Tehlike çanları imalat sanayi için çalıyor
Meclis Başkanı Timur Erk Almanya ve Amerika’dan örnekler vererek “Hizmet sektörüyle ben bir yere gelemem tekrar üretime döneceğim sanayimi geliştireceğim mantalitesi ile her iki ülkede net ithalatçı konumundan, net ihracatçı konumuna yükseldi. Bizim de ülke politikamızda bu radikal kararları gözden geçirmemiz lazım” diye konuştu.
Sektör temsilcilerinin görüşleri
Toplantıda söz alan PETKİM Genel Müdürü Saadettin Korkut ise “Son 10 yılımıza baktığımızda 2003-2013 yılları arasında ekonomik büyümemiz %61. Bunu analiz ettiğimizde, bunun sanayi kısmı %28, hizmet sektöründeki büyümemiz %61. Komşumuz Yunanistan niye battı? İşte bundan battı, hepimiz buna vakıfız” dedi. Korkut, 2023 hedeflerine ulaşmak adına yapılması gerekenlere de değinirken “Gelecek 10 yıla göre yeniden pozisyon alınması lazım. Bu yeniden pozisyon almada dünyadaki gelişen dinamikleri, ülkemizin dinamiklerini, konjonktürel değişimleri, coğrafyadaki değişimleri çok iyi algılamamız gerekir” diye konuştu.

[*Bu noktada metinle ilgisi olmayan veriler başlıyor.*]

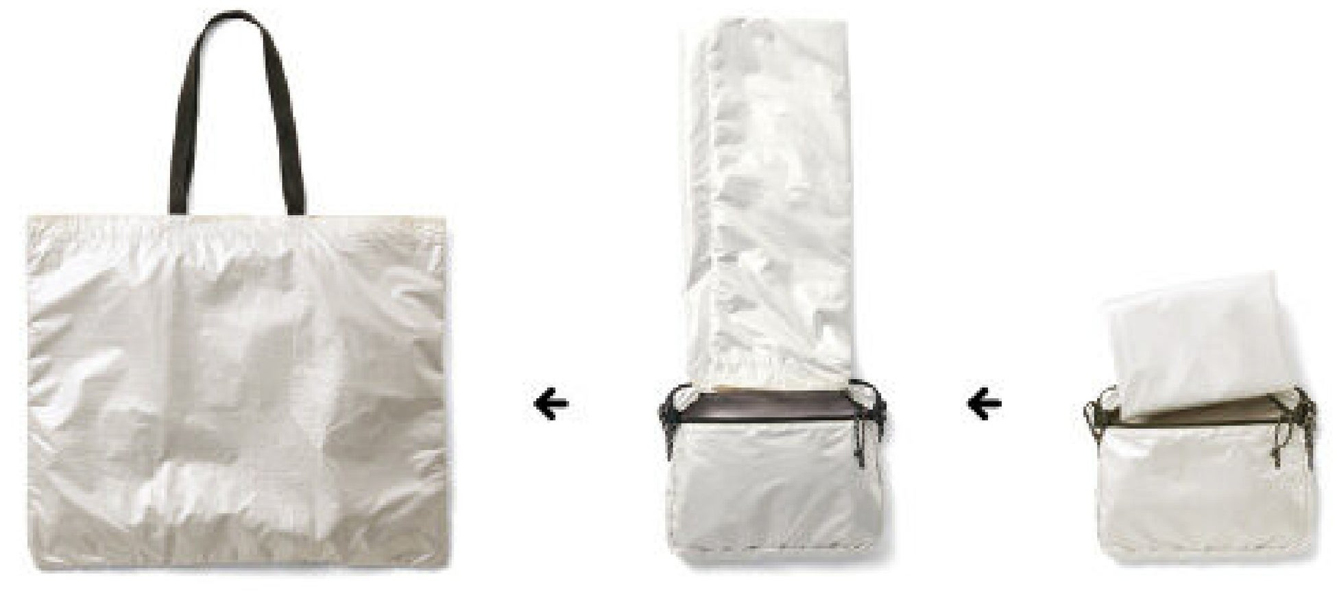 ショルダーと大容量トートの2通りで使える2-WAYバッグです。ストラップ調整でコンパクトなショルダーに、袋を出して返すと大容量トートに変身します。薄手で軽量ながら裏地付きでしっかりした作りです。

Akdeniz Kimya Genel Müdürü Tahsin Özbek, “Hedefleri yakalayabilmek adına şirketler olarak çalışma şekillerimizi değiştirmemiz lazım. Dikkate alınması gereken 3 ayaklı bir konu; Birincisi bulunduğunuz pazar, pazar koşulları veya gitmek istediğiniz hedef ülkeler, büyümekte olan noktalar. İkincisi, sizin mevcut üretim kapasiteniz, şirketin değerleri ve koyduğunuz hedef. Üçüncüsü, hedefi koyuyorsunuz ama kendimizi o hedefe götürecek bir yapılanma içerisinde veya çalışma içerisinde de çok fazla değilsiniz. Dolayısıyla bu üçayağın aslında birbiriyle çok uyumlu olması lazım” ifadesini kullandı.
Eroğlu; “Serbest ticaret anlaşmalarının önü açılmalı”
PAGEV Başkanı Yavuz Eroğlu ise konuyu plastik sanayiye indirgeyerek, hedefler için yapılması gerekenler konusunda, önerilerini bildirdi. Eroğlu Türkiye’nin plastik işleme kapasitesinden de bahsederek “Makro ölçekte 2023 hedefleri için Türkiye’nin öncelikle serbest ticaret anlaşması işlerini çok hızlandırması lazım. Plastik işleme sektörünün makro ölçekte hızlı iş yapabilmesinin birinci noktası budur” dedi. Eroğlu katma değerli ürün üretmek için, katma değerli ürüne ihtiyaç duyan üst segmentlerin de olmasının gerekliliğine vurgu yaptı.